Debbie shuffled from one envelope to the next, making mental notes as she made her way back to her house from the mailbox. "Water bill, Visa, Danbury Mint catalog," she mumbled. Suddenly her brow furrowed when a familiar, yet unfamiliar, red envelope caught her attention. "Honey," she said, making her way into the kitchen, "Did you sign us up for a new DVD service?"

"Huh?" David grunted from behind his newspaper.

"A new DVD service," she repeated, and held out the envelope. "It looks like a Netflix envelope, but it says Qwickster."

David folded his paper and said, "Oh, that," while giving a pleasant chuckle. "Netflix is Qwickster now."

"They changed their name? Why?"

"Because they raised their prices," he said.

"I don't follow," Debbie said. "What does one have to do with the other?"

David released a long sigh and motioned for Debbie to seat herself on the breakfast stool next to his. "As you know, people have been able to rent disks AND watch videos online from Netflix under a single price package."

"Right," Debbie said with an attentive nod.

"Well, at the end of August, Netflix announced they were going to sell the services separately. Each service would cost less than what people were currently paying, but ordering the two services together would cost more. People were outraged; blogs flamed the plan, Twitter was all atweet with disgruntled customers. It was a PR nightmare."

"Where does Qwickster fit in?" Debbie asked with a cocked head.

"I'm getting to that," David reassured her. "On September 19th, around 2am, CEO Reed Hastings sent what initially looked like an apology email all the customers of Netflix. Once, customers read the message though, they discovered a plan to split Netflix into two companies. Netflix would stream video online, and Qwickster would mail the DVDs."

"Wait," Debbie said. "Didn't Netflix start as a DVD mailing service and add the streaming video later?"

"Yup," David said.

"So, the new company will provide the original service, and the original company will provide the additional streaming service?"

"Yup," David said.

"And, the prices will go back down to their original levels?"

"Nope," David said. "The newly announced prices still stand, only now they'll appear as two line items on people's bank statements instead of a single total."

"Billing people twice won't increase overhead and their costs?"

"Probably will," David said.

"Will people's queues still be tied together?"

"Don't know," David said.

"What makes the separation of companies worth the higher prices and increased book keeping?"
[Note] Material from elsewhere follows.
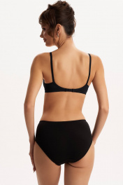 Бюстгальтер с мягкой чашкой, выполненный из эластичного трикотажного полотна и декорированный вышивкой. Есть боковая поддерживающая деталь, обеспечивающая дополнительное приподнимание груди. В модели присутствуют каркасы ("косточки"). Бретели регулируются по длине. Ширина бретелей увеличивается пропорционально увеличению размера (1,0 см, 1,5 см, 2,0 см, 2,5 см).

"Qwickster will rent video games as well as movies."

"They couldn't have offered games as an additional paid service under Netflix, and kept the rest of the prices the same?"

"Probably could've," David said.

"Why are they increasing prices, bureaucracy, and over head simply to add a new service to their product line."

"Don't know," David said.

"Then, what made CEO Reed Hastings think the announcement of the split would put people's minds at ease over the price bump?"

"Don't know," David said.

On October 10th, 2011 the following letter was sent to all Netflix users.

Dear David,

It is clear that for many of our members two websites would make things more difficult, so we are going to keep Netflix as one place to go for streaming and DVDs.

This means no change: one website, one account, one password…in other words, no Qwikster.

While the July price change was necessary, we are now done with price changes.

We're constantly improving our streaming selection. We've recently added hundreds of movies from Paramount, Sony, Universal, Fox, Warner Bros., Lionsgate, MGM and Miramax. Plus, in the last couple of weeks alone, we've added over 3,500 TV episodes from ABC, NBC, FOX, CBS, USA, E!, Nickelodeon, Disney Channel, ABC Family, Discovery Channel, TLC, SyFy, A&E, History, and PBS.

We value you as a member, and we are committed to making Netflix the best place to get your movies & TV shows.